*DESCRIPTION OF THE TASK*
Your task is to give the listing below back word for word, pictures excluded.

*INFORMATION SUPPLIED*
=======
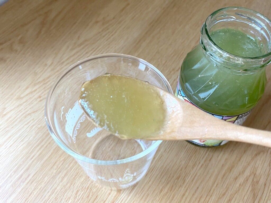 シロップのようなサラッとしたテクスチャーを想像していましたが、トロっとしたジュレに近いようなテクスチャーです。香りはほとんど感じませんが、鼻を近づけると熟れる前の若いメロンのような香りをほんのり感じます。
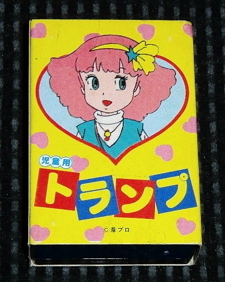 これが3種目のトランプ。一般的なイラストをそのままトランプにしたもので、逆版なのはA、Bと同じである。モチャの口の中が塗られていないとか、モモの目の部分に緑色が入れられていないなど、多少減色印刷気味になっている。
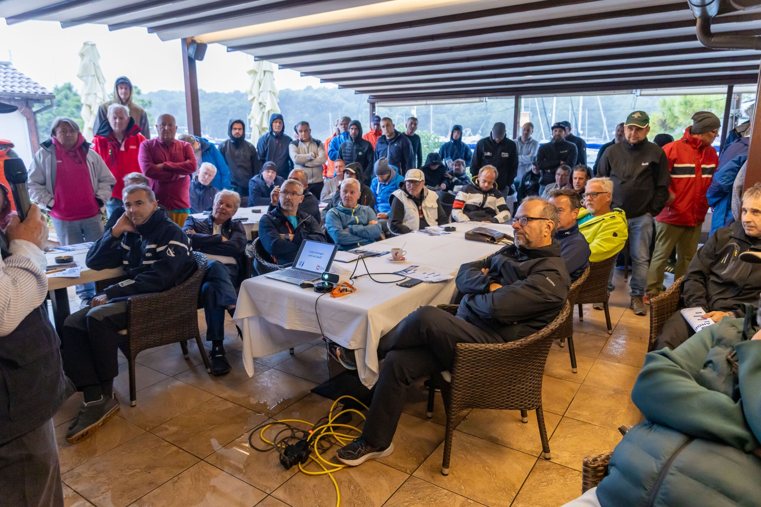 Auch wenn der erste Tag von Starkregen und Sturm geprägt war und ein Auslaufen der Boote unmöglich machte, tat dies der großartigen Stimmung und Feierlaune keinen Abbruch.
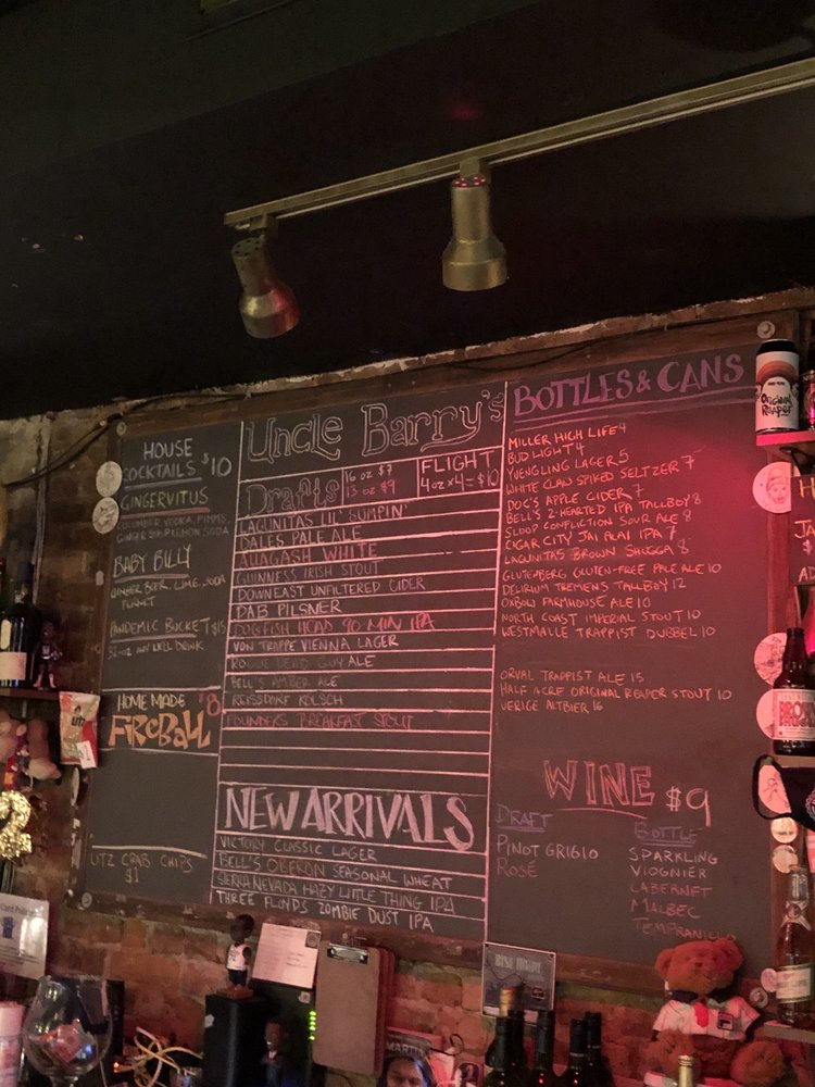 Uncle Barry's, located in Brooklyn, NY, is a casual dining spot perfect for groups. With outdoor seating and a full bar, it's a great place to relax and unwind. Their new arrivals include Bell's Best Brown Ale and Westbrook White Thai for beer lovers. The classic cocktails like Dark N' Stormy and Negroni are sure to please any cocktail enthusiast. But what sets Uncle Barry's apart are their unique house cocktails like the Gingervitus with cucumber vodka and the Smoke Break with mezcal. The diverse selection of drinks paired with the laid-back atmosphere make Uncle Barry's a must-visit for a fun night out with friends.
=======
*COMPLETED EXERCISE*
 シロップのようなサラッとしたテクスチャーを想像していましたが、トロっとしたジュレに近いようなテクスチャーです。香りはほとんど感じませんが、鼻を近づけると熟れる前の若いメロンのような香りをほんのり感じます。
 これが3種目のトランプ。一般的なイラストをそのままトランプにしたもので、逆版なのはA、Bと同じである。モチャの口の中が塗られていないとか、モモの目の部分に緑色が入れられていないなど、多少減色印刷気味になっている。
 Auch wenn der erste Tag von Starkregen und Sturm geprägt war und ein Auslaufen der Boote unmöglich machte, tat dies der großartigen Stimmung und Feierlaune keinen Abbruch.
 Uncle Barry's, located in Brooklyn, NY, is a casual dining spot perfect for groups. With outdoor seating and a full bar, it's a great place to relax and unwind. Their new arrivals include Bell's Best Brown Ale and Westbrook White Thai for beer lovers. The classic cocktails like Dark N' Stormy and Negroni are sure to please any cocktail enthusiast. But what sets Uncle Barry's apart are their unique house cocktails like the Gingervitus with cucumber vodka and the Smoke Break with mezcal. The diverse selection of drinks paired with the laid-back atmosphere make Uncle Barry's a must-visit for a fun night out with friends.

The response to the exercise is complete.